The system is rigged against doctors and in favor of the insurer, the TMA said by statement. The TMA and health system want a declaration that the federal departments acted unlawfully and vacate provisions of the July rule.

WHY THIS MATTERS

While the Qualifying Payment Amount is supposed to be the median in-network rate, the methodology conflicts with the way that the No Surprises Act requires insurers to calculate the payment amount, the TMA said. Physicians have the scales tipped against them from the outset of negotiations, TMA president Dr. Gary W. Floyd said. There is also a lack of transparency, he said.

"TMA is concerned that these provisions unfairly disadvantage physicians in payment disputes with health insurers and will ultimately rob patients access to physicians' care," Floyd said.

The rule allows insurers to include "ghost rates" in their QPA calculations. These are contract rates with physicians and providers who don't actually provide the health service in question, the TMA said. Because there is little motivation for those not providing the service to negotiate rates, this lowers the rates for the providers who actually provide the services.
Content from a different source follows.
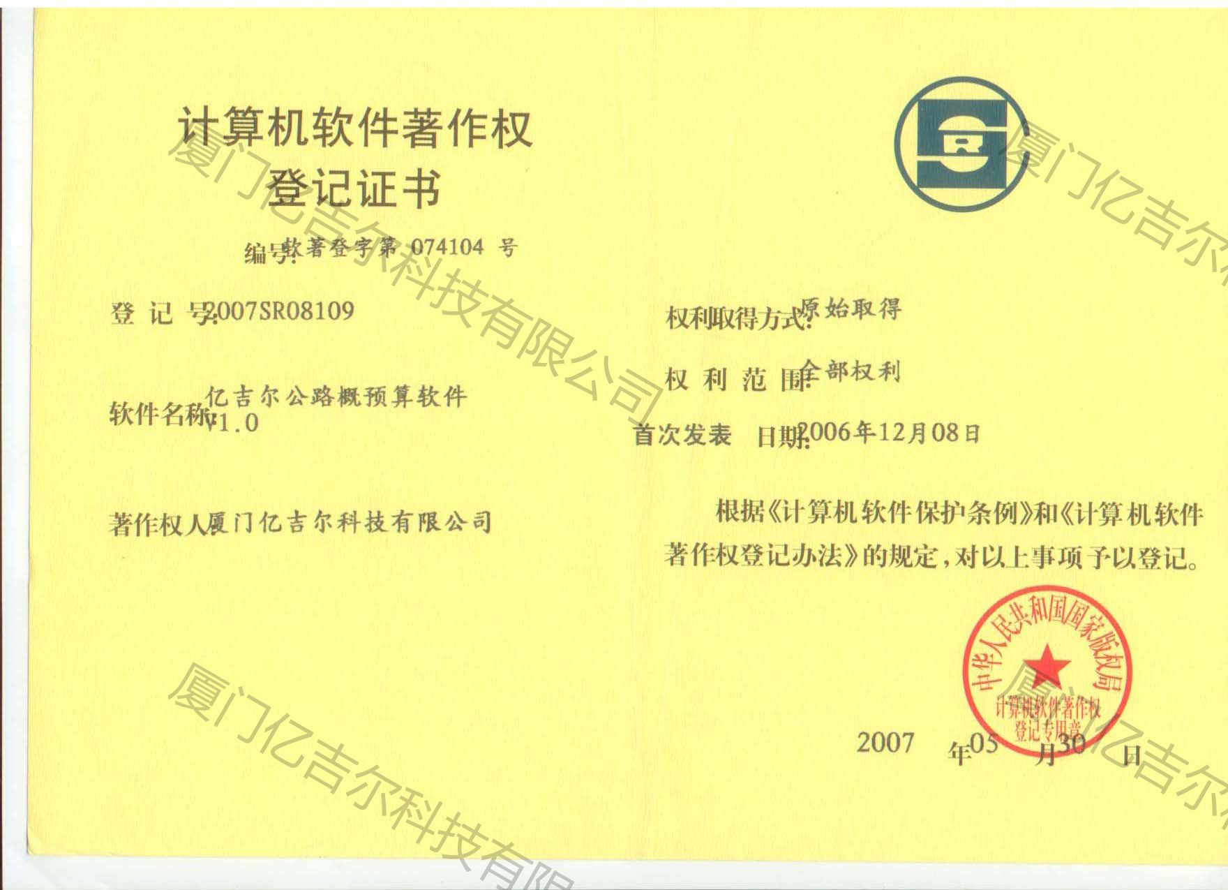 億吉爾公路概預(yù)算軟件著作權(quán)登記證書 發(fā)布日期:2007年05月30日 瀏覽次數(shù):3262 關(guān)鍵字: 公司 1/1億吉爾公路概預(yù)算軟件著作權(quán)登記證書

The TMA contends that the rule allows insurers to use the rates of physicians who are not in the same or a similar specialty. It also says that the rule requires insurers to use an amount other than the total payment in calculating QPA when a contract includes risk sharing, bonus or penalty or other incentive-based adjustments.

Also, self-insured plans are able to opt in to a lower QPA, the TMA said.

THE LARGER TREND

This is the third lawsuit filed by the TMA against the No Surprises Act.

TMA filed its first lawsuit in 2021, alleging that the interim final rules governing arbitrations unlawfully required arbitrators to "rebuttably presume" the offer closest to the QPA was the appropriate out-of-network rate. TMA won at the district court level. The federal government declined to pursue an appeal. Instead, HHS published changes in final rules released on August 26.

TMA filed its second lawsuit in September challenging the final rules, alleging that they unfairly advantaged health insurers by requiring arbitrators to give outsized weight or consideration to the QPA. The hearing on that lawsuit is scheduled for December 20 in Tyler, Texas.

Last week, leaders of the House Ways and Means Committee sent a letter to several federal agencies saying the final rule implementing the No Surprises Act favors insurers and should be changed to reflect provider concerns.